* **The task**:
An exact restatement of the data below, with the pictures removed, is the required answer.

* **Collected data**:
++++
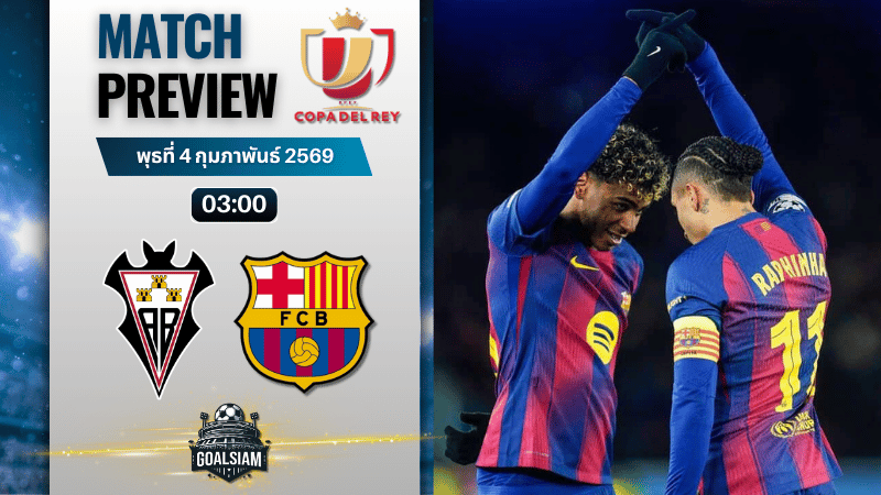 GOALSIAM มองว่าคู่นี้เป็นบอลคนละเกรด แต่จังหวะที่อัลบาเซเต้กำลังมั่นใจหลังเพิ่งหักด่านเรอัล มาดริด แถมเล่นในรัง Estadio Carlos Belmonte เสียงเชียร์จัดหนักแบบนี้ บาร์ซ่าแม้ตัวใหญ่กว่าแต่ถ้าเหลิงเมื่อไหร่มีสะดุดได้เหมือนกัน
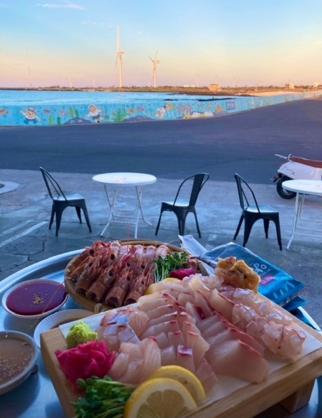 김녕오라이는 제주도 김녕해수욕장 인근에 위치한 횟집으로 여행객은 물로 현지인들도 자주 찾는 횟집이다. 자연산 회를 전문으로 판매하며, 신선한 해산물을 활용한 다양한 메뉴를 자랑한다. 대표 메뉴인 '돔베사시미'는 도마 위에 올려 제공되는 회 세트로, 매일 새롭게 들어오는 횟감에 따라 구성이 달라지기 때문에 방문할 때마다 다른 즐거움을 맛볼 수 있다. 또 다른 인기 메뉴인 해산물모둠 역시 그날그날 들어오는 신선한 해산물로 구성되며, 제철 식재료를 중심으로 제공되어 제주 바다의 풍미를 제대로 느낄 수 있다. 숯불 가마살 머리구이 한판은 생선 머리를 숯불에 구워 고소하고 쫄깃한 식감을 자랑하며, 딱새우회와 고등어 숯불구이, 딱새우라면 등도 인기 있는 메뉴로 함께 즐기기 좋다.
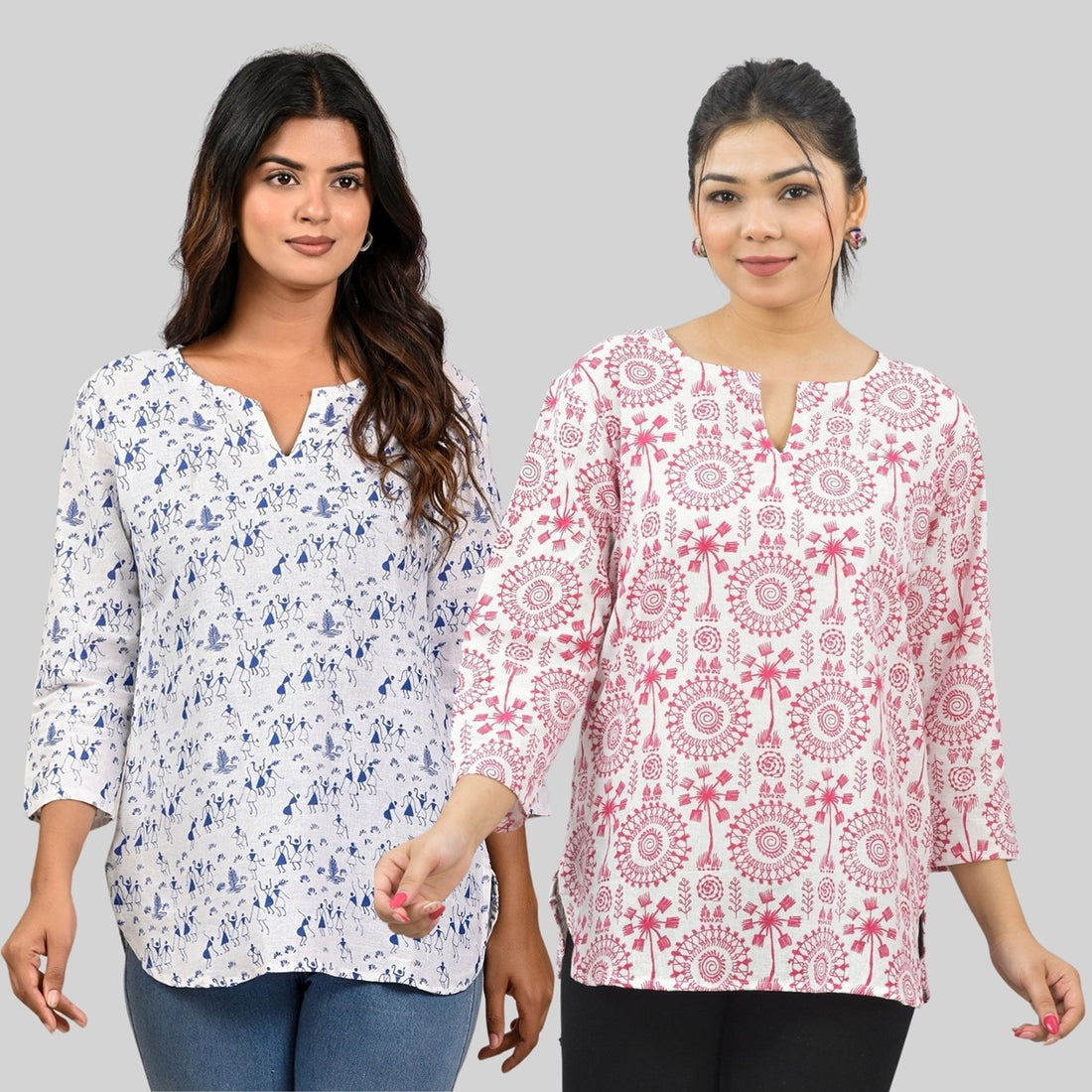 Pack Of 2 Womens Regular Fit Blue Vactor And Pink Tribal Printed Tops Combo
++++
* **Output for this task**:
 GOALSIAM มองว่าคู่นี้เป็นบอลคนละเกรด แต่จังหวะที่อัลบาเซเต้กำลังมั่นใจหลังเพิ่งหักด่านเรอัล มาดริด แถมเล่นในรัง Estadio Carlos Belmonte เสียงเชียร์จัดหนักแบบนี้ บาร์ซ่าแม้ตัวใหญ่กว่าแต่ถ้าเหลิงเมื่อไหร่มีสะดุดได้เหมือนกัน
 김녕오라이는 제주도 김녕해수욕장 인근에 위치한 횟집으로 여행객은 물로 현지인들도 자주 찾는 횟집이다. 자연산 회를 전문으로 판매하며, 신선한 해산물을 활용한 다양한 메뉴를 자랑한다. 대표 메뉴인 '돔베사시미'는 도마 위에 올려 제공되는 회 세트로, 매일 새롭게 들어오는 횟감에 따라 구성이 달라지기 때문에 방문할 때마다 다른 즐거움을 맛볼 수 있다. 또 다른 인기 메뉴인 해산물모둠 역시 그날그날 들어오는 신선한 해산물로 구성되며, 제철 식재료를 중심으로 제공되어 제주 바다의 풍미를 제대로 느낄 수 있다. 숯불 가마살 머리구이 한판은 생선 머리를 숯불에 구워 고소하고 쫄깃한 식감을 자랑하며, 딱새우회와 고등어 숯불구이, 딱새우라면 등도 인기 있는 메뉴로 함께 즐기기 좋다.
 Pack Of 2 Womens Regular Fit Blue Vactor And Pink Tribal Printed Tops Combo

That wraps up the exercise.